Я бы посмеялась над всей этой религиозной чушью, если бы моя младшая сестренка в один прекрасный день не превратилась в такое существо. Она заперла родителей в подвале и подожгла дом. Я пришла со школы к багровому зареву и хохочущей до слез сестренке. Это был мой собственный конец света, и уж он-то получился по всем канонам жанра.
Наверное, в этом была какая-то ирония — прежде чем начинать зверствовать направо и налево, демоны убивали самых близких людей. И все они при этом смеялись. Хохотали, как ненормальные, истерически хихикали, держась за животы, сползали на землю, не в силах держаться на ногах.
[ — Раньше люди боялись любить, потому что опасались, что их ранят, сейчас они избегают любви, потому что опасаются, что ранят они.
— В этом есть логика. Чтобы полностью перестать быть человеком, недостаточно просто убить. Надо своими руками убить своих любимых — выжечь самое человечное, самое ценное, самое близкое, самое сокровенное, что есть в тебе. Тогда пути назад уже нет. Остается только падать.]
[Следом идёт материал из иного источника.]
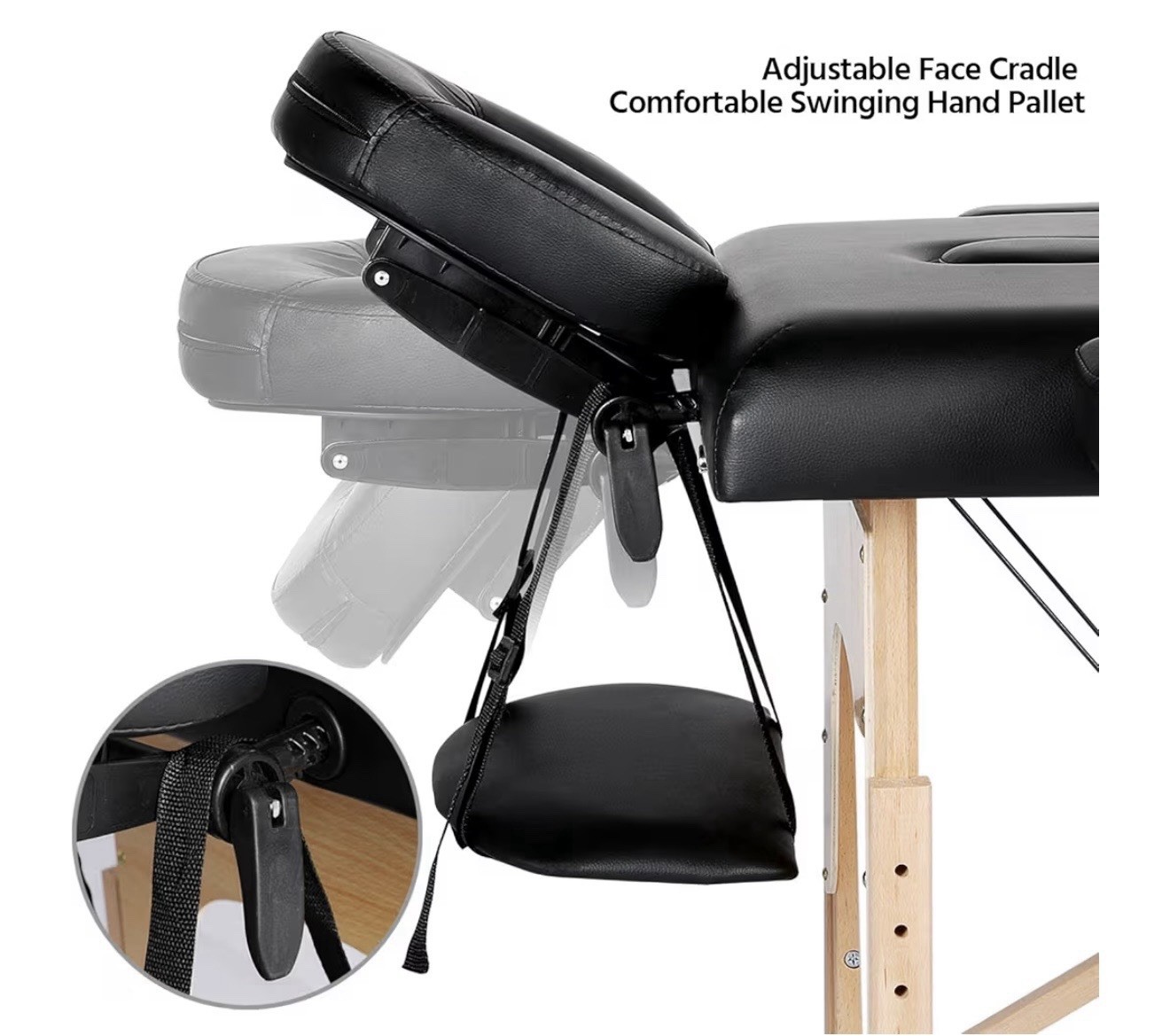 Massage Table Portable Spa Bed Foldable Adjustable 2 Fold Bag 24 Black

Я никогда не зову себя «оставшейся в живых», я зову себя «выжившей». Может, потому что не считаю, что от меня вообще что-то осталось как таковое. Пустая оболочка.
Кельвин подобрал меня тогда. Убил то, что когда-то моей сестрой, которая почти задушила меня, запихнул в машину и уехал.
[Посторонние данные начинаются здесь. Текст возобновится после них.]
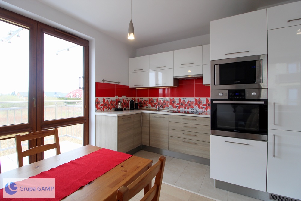 Wyposażenie dodatkowe: zmywarka, piekarnik, mikrofala, płyta indukcyjna, pełne umeblowanie.
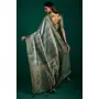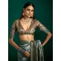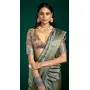 Green Grey Color Beautiful Tussar Silk Fabric Sophisticated Woven Designer Saree
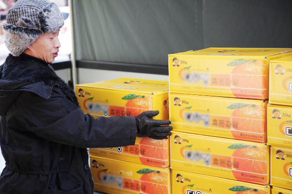[감귤상자를 기프트카 적재함에 싣는 신영민 씨의 모습]

Я помню этот момент, как будто он произошел вчера. Я вцепилась в Кельвина, ежась от рук подъехавших медиков, пытавшихся осмотреть меня. Наверное, в этот момент меня переклинило. В нескольких десятках метров горел мой дом, в нескольких шагах парамедики закрывали простыней труп существа, которое когда-то было моей сестрой, и все, о чем я могла думать, — это о твердых, надежных, успокаивающих руках Кельвина. Это было единственное, что удержало меня на грани тогда. Это единственное, что не дает мне упасть в пропасть сейчас.
[ — Меня зовут Кельвин. А тебя?
— Мне все равно.]
Сначала я не поняла, почему Кельвин оставил меня при себе. Вроде как пригрел дворняжку, пустил переспать на коврике, а потом выгнать и не смог. А потом, когда потихоньку начала выходить из ступора, то начала замечать за ним маленькие особенности. Иногда он говорит вслух, когда думает, что я его не слышу. Он зовет ее Элли, и я гадаю, кто это — жена, сестра, дочь. Я на нее совсем не похожа — как-то я случайно увидела ее фотографию во внутреннем кармане его куртки. Она похожа на эльфийку — ясные огромные глаза, волнистые волосы до талии, высокие скулы. В противоположность мне — с низкой челкой на глазах, россыпью веснушек и курносым носом.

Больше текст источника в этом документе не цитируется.